THE BLOG

The NHS - Well, Would You Credit It?

06/01/2014 11:36 GMT | Updated 07/03/2014 10:59 GMT

Last year wasn't a great one for the NHS. In fact, it was often downright shocking. A barrage of bad news, from care scandals to A&E crises and much more besides, meant its reputation took a battering and left a whole host of issues to deal with in 2014 and beyond.

But as 2013 drew to a close and just as casualty departments were beginning to see the first victims of New Year's Eve excess, an open letter was published in a national newspaper, ostensibly calling for certain groups (notably the media, ministers and the organisation's own bosses) to go easy on the NHS and asking for a "more measured view" to be taken when examining its performance.

The letter was signed by those in charge of various individual NHS organisations, including the Foundation Trust Network (which represents the majority of English hospitals) and the British Medical Association. It was a relatively short missive but its overall message was clear - let's go into the New Year with less focus on the negatives and more on the good work that the NHS carries out.

An extract from the letter states: "Undoubtedly, there are challenges to face in ensuring we have the high quality service that everyone in the NHS wants to offer, including increasing demand on services and the need to do more with tighter budgets. But we need to reach a more measured view of how the NHS is performing. We must strike the balance between recognising the extraordinary achievements that NHS staff deliver every day and the need for improvement..."

Unfortunately, such wishes are highly unlikely to be granted. For while it's undoubtedly true that some parts of the NHS (and most individuals within it) deserve credit, those "challenges" which are mentioned are one heck of an obstacle to overcome.

There are undoubtedly many organisations with problems that they would like to see reported in a more measured fashion but in calling for a greater balance, the signatories of this letter surely can't have ignored the plain fact that bad news will always sell.

You can be pretty sure that whatever government is in power would love to see a focus on policies which are working well as opposed to those which aren't. Similarly, energy companies probably want headlines about investment in infrastructure or employment opportunities instead of a furore about bills going up. But the world doesn't work like that and things aren't going to change anytime soon - including for the NHS, where mistakes and bad management could be a matter of life or death.

What's equally noteworthy are the contradictory messages which have already begun to emerge. For instance, less than two days after the letter was published, an article appeared in another national paper, billed as an exclusive. The story concentrated on a claim by the country's "top emergency doctor" that the current A&E crisis could have been averted if warnings about staffing levels had been heeded by the government. It talks of a "decision making paralysis," a serious shortage of emergency doctors and mass emigration of the healthcare workforce.

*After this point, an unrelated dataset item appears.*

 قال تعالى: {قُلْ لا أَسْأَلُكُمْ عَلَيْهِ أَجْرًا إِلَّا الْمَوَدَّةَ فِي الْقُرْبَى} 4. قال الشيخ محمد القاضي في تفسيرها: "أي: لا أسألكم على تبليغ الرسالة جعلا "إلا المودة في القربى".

The story isn't exactly great PR for the NHS - or the government for that matter. So who is it who has very much gone public with these claims? Well, the country's top emergency doctor is Dr Clifford Mann, President of the College of Emergency Medicine and the very same Dr Clifford Mann who was one of the 10 signatories of the letter published two days before calling for more positive coverage of NHS issues. As a side note, Dr Mann warned last year that many casualty units were becoming like "war zones," which probably didn't do much for the organisation's reputation either.

Perhaps this all boils down to one very simple fact - as long as things keep going wrong, the criticism and the negativity will keep on coming. People genuinely want to see the NHS succeed but in some areas it's falling short and there are real reasons why that's the case.

Those reasons can't simply be swept under the carpet or ignored. The NHS provides a service to us all and, to reiterate, parts of it are delivered in an absolutely first-class way. But the focus will always be on what isn't working, whether it's deaths caused by inadequate care provision throughout an entire hospital, a lack of resources in A&E or individual cases of medical negligence.

At Fletchers Solicitors we receive numerous calls and deal with countless claims from people who have suffered unnecessarily while receiving treatment through the NHS. We see the end results of mistakes and substandard care and the effect this can have on the lives of individuals and their families.

Right now it's clear there are numerous things not working, meaning criticism is inevitable. To hope for anything otherwise is frankly unrealistic.